Dataset items:
^^^^^^^^

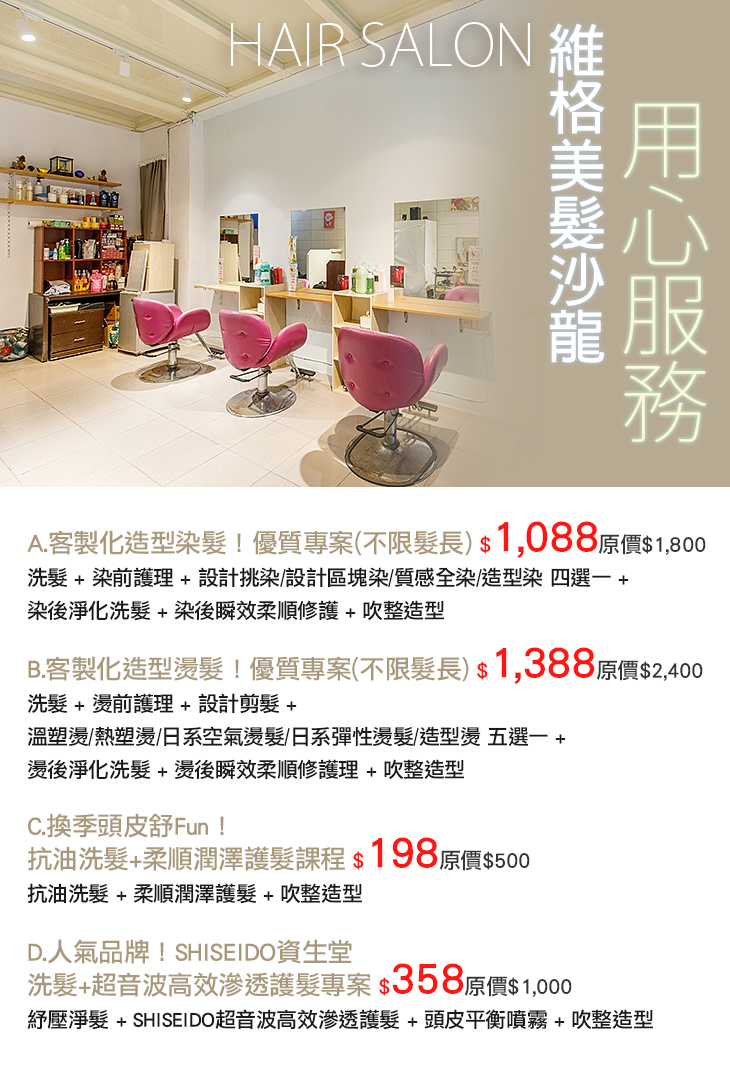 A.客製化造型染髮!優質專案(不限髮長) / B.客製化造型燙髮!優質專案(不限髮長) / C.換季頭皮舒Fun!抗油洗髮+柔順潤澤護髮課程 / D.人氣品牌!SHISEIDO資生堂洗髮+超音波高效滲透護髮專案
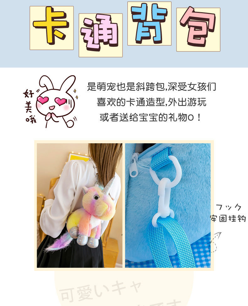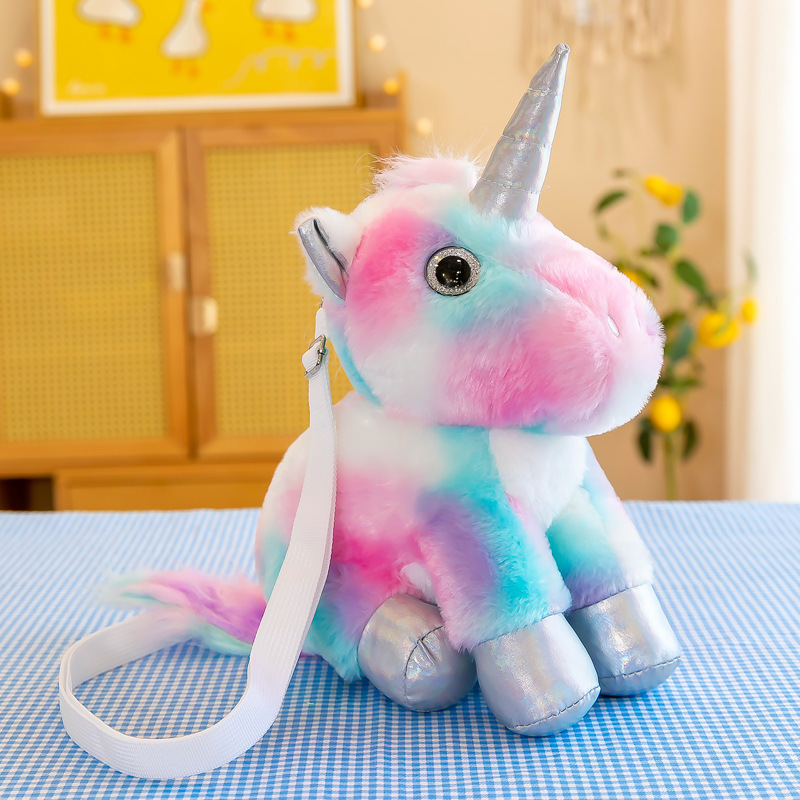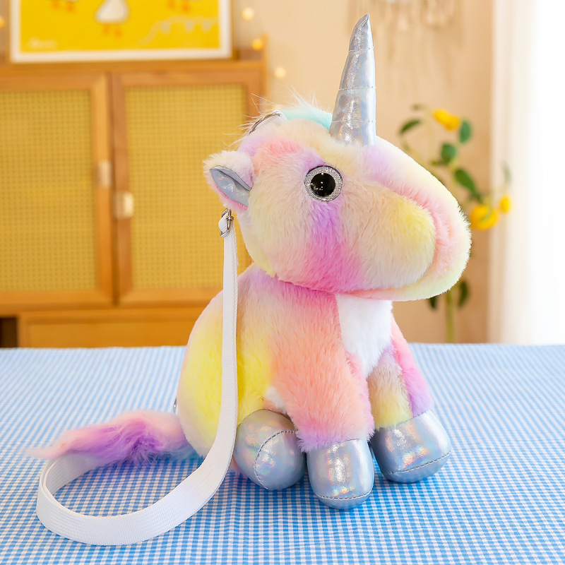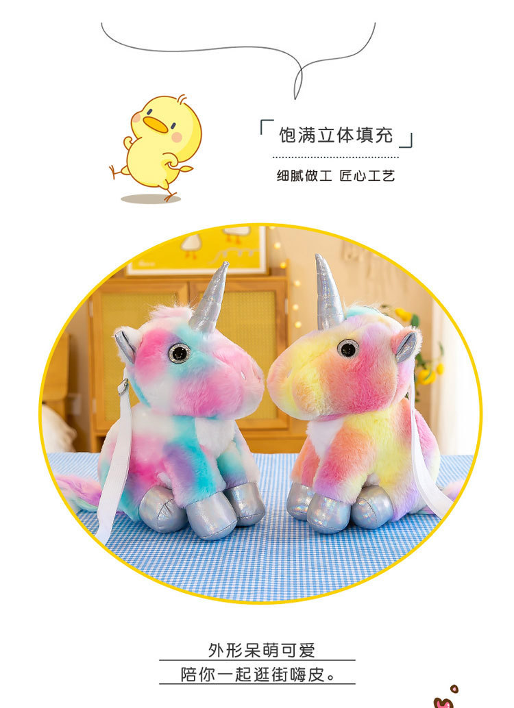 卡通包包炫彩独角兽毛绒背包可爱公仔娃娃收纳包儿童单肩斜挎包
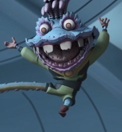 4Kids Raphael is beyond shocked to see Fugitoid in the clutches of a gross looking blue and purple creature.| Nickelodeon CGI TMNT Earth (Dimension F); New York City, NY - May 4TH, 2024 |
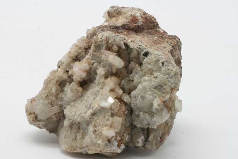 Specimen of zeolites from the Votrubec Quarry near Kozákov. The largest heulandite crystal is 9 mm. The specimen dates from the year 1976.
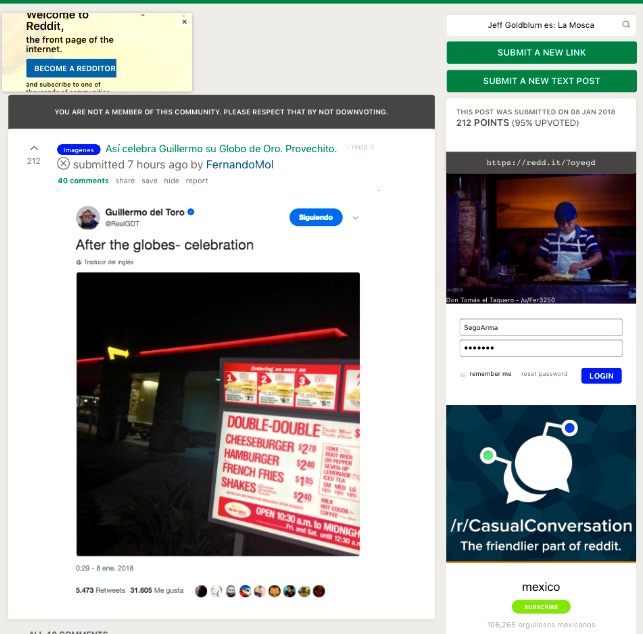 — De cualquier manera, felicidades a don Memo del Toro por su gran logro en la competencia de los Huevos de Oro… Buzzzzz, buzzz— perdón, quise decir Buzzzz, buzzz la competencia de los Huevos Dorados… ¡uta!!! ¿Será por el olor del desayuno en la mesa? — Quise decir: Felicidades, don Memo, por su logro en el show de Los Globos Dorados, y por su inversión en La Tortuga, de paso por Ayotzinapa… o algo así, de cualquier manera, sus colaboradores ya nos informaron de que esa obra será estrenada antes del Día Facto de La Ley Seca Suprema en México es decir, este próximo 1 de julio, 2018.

^^^^^^^^

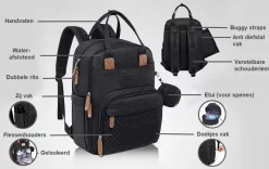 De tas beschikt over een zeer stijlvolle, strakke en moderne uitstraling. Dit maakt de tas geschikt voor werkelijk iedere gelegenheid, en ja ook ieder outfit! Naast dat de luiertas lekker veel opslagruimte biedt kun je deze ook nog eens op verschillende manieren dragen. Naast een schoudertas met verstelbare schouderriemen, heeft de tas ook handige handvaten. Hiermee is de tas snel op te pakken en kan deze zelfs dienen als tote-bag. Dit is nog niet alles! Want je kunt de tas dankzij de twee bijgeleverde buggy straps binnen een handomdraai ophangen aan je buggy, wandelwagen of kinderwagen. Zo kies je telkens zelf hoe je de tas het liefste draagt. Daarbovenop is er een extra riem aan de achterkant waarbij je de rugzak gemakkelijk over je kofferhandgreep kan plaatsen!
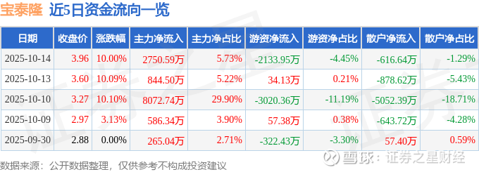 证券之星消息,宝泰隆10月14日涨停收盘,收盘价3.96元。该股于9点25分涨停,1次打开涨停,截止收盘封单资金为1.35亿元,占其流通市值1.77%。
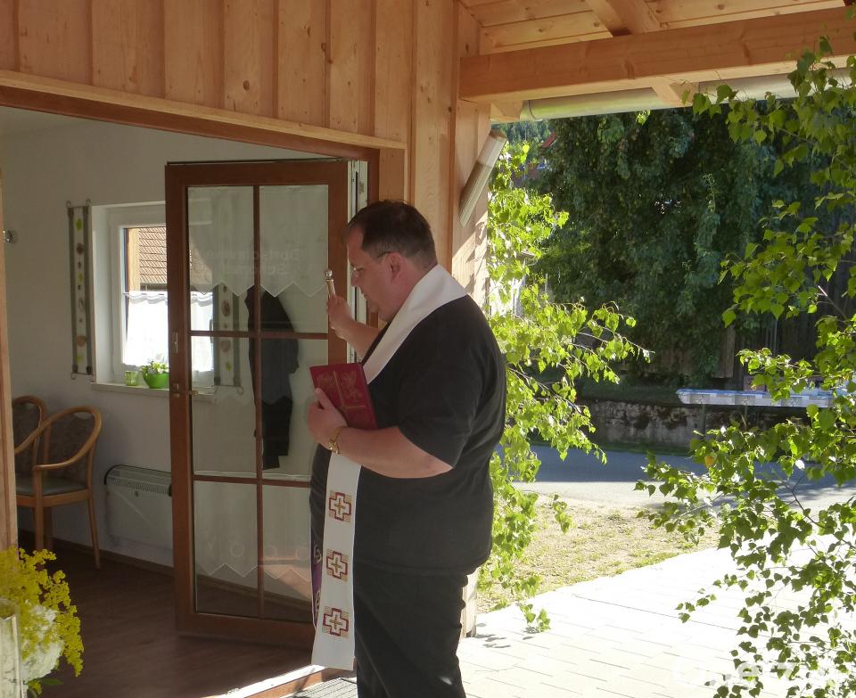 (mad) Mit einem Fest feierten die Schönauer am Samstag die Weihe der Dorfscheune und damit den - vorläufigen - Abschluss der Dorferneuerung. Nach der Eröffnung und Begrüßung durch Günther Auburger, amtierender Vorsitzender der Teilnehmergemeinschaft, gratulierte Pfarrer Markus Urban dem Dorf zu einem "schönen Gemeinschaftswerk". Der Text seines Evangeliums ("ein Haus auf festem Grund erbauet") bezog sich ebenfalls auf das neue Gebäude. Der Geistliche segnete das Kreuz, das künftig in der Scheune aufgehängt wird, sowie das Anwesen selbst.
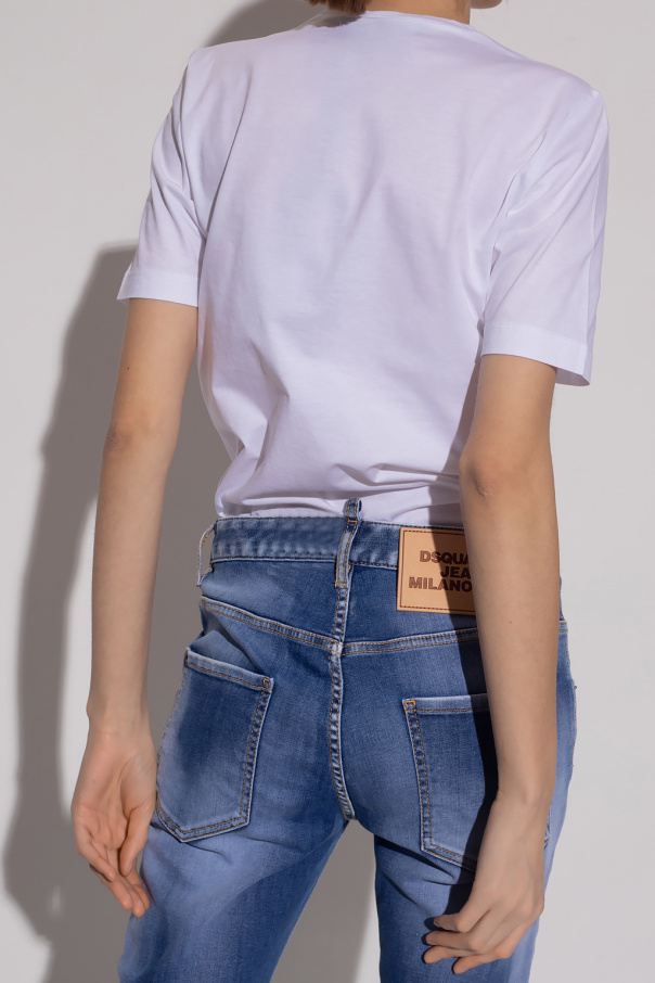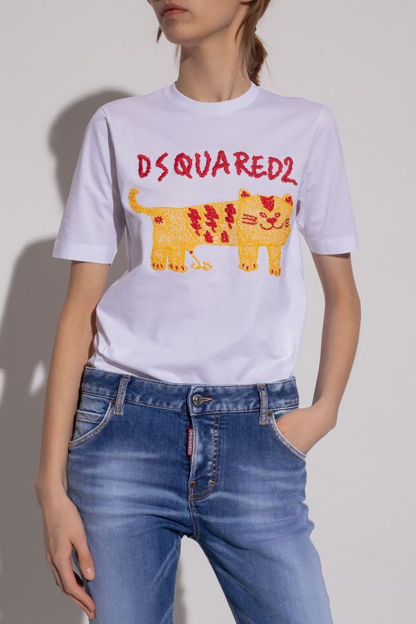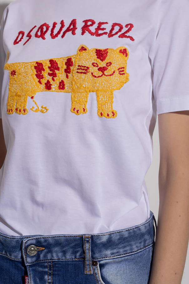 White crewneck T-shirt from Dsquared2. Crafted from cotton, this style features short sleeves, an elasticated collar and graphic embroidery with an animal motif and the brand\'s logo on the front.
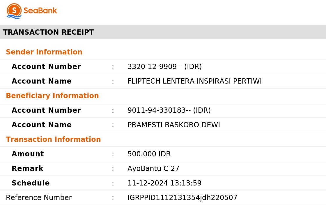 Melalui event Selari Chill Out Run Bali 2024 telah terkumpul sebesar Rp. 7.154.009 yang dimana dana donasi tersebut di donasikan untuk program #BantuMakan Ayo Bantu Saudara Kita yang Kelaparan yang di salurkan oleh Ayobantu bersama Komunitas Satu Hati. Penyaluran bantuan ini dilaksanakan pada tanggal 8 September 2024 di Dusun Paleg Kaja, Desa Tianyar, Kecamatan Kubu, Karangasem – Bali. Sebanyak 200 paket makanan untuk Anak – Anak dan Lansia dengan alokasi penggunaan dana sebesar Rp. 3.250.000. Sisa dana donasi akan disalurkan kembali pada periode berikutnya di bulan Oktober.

^^^^^^^^

TASK ITEM: Would you copy, word for word, only the lines above from the one containing "A.客製化造型染髮!優質專案(不限髮長) / B.客製化造型燙髮!優質專案(不限髮長)" through the one containing "Specimen of zeolites", both included, and please leave out the pictures?

RESULT FOR THIS EXERCISE:
 A.客製化造型染髮!優質專案(不限髮長) / B.客製化造型燙髮!優質專案(不限髮長) / C.換季頭皮舒Fun!抗油洗髮+柔順潤澤護髮課程 / D.人氣品牌!SHISEIDO資生堂洗髮+超音波高效滲透護髮專案
 卡通包包炫彩独角兽毛绒背包可爱公仔娃娃收纳包儿童单肩斜挎包
 4Kids Raphael is beyond shocked to see Fugitoid in the clutches of a gross looking blue and purple creature.| Nickelodeon CGI TMNT Earth (Dimension F); New York City, NY - May 4TH, 2024 |
 Specimen of zeolites from the Votrubec Quarry near Kozákov. The largest heulandite crystal is 9 mm. The specimen dates from the year 1976.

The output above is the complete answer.